Exploiting the estimates $$\sec\sqrt{Re^{i\theta}}=\frac{2}{\exp(i\sqrt R e^{i\theta/2})+\exp(-i\sqrt R e^{i\theta/2})}=O\left(e^{-|\sin\frac{\theta}{2}|\sqrt R}\right)\quad \theta\ne0$$ $$\frac{\tan\sqrt {Re^{i\theta}}}{\sqrt {Re^{i\theta}}}=O\left(\frac1{\sqrt R}\right)\qquad\theta\ne 0$$ $$e^{-Re^{i\theta}}=O\left(e^{-R\cos\theta}\right)$$

immediately proves the lemma for $\theta\ne 0$.

Note that when $\theta=0$, $F_a(R_N)=\frac{1-1-0}{1-1-ae^{-R_N}}=0$.$\blacksquare$

Answer 2

Below we prove that $f(z)=a$ has infinitely many solutions for any complex $a$, hence there are solutions with arbitrarily large modulus, so the image required is the full plane.
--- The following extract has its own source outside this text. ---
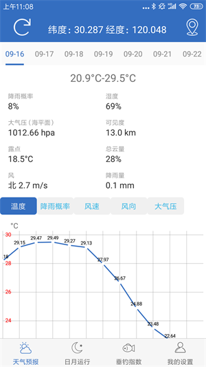 钓鱼天气预报软件提供最近一个星期每小时天气预报。
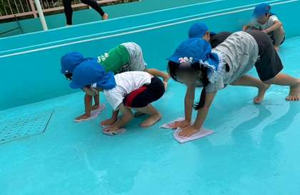 プール掃除前には「みんな集まって、ここに手を出して〜!」と1人の幼児の合図をきっかけに全員集合し「みんなでプールを綺麗にするぞー!えいえいおー!」と一致団結し気合いも十分にスタートしました!

Assume by contradiction there is an $a$ s.t. $f(z)=a$ has only finitely many solutions. Then since $f$ is entire of order $1$ and type $1$ since $\cos{\sqrt z}$ has order $\frac{1}{2}$ and $e^z$ has obviously order $1$, type $1$, it immediately follows that $f(z)-a=e^zP(z)$ for some polynomial $P$

(proof of the claim above: eliminating the finitely many zeroes by dividing by an appropriate $P$ with same zeroes, we get that $f(z)-a=e^{Q(z)}P(z)$ and then by order theory $Q$ must be a linear polynomial $\alpha z+b$, then by type $|\alpha|=1$ and then $\alpha=1$ by looking at the positive axis behavior and we can absorb $e^b$ into $P$)

But now we get $1+\cos{\sqrt z}-P(z)=ae^{-z}$ and that is obviously impossible since the LHS is an entire function of order $\frac{1}{2}$ while the right hand side has order $1$ since plainly $a\ne 0$

(if one is not comfortable with order/type for entire functions, just look at $\frac{\log M(R)}{R}$ for large $R$, where $M(R)$ is the supremum on the $R$ disk of the various functions involved, so for example for $f-a$, clearly $\log M_{f-a}(R)$~$R$ asymptotically for most - we can have $\cos \sqrt R =-1$ of course - large $R$, so $M_Q(R)$ must be same which immediately implies $Q$ linear polynomial with leading term $|\alpha|=1$, but then noting that on the positive real axis we get $\log \frac{(f-a)(R)}{P(R)}$~$R$, for most $R$'s $\alpha=1$ etc)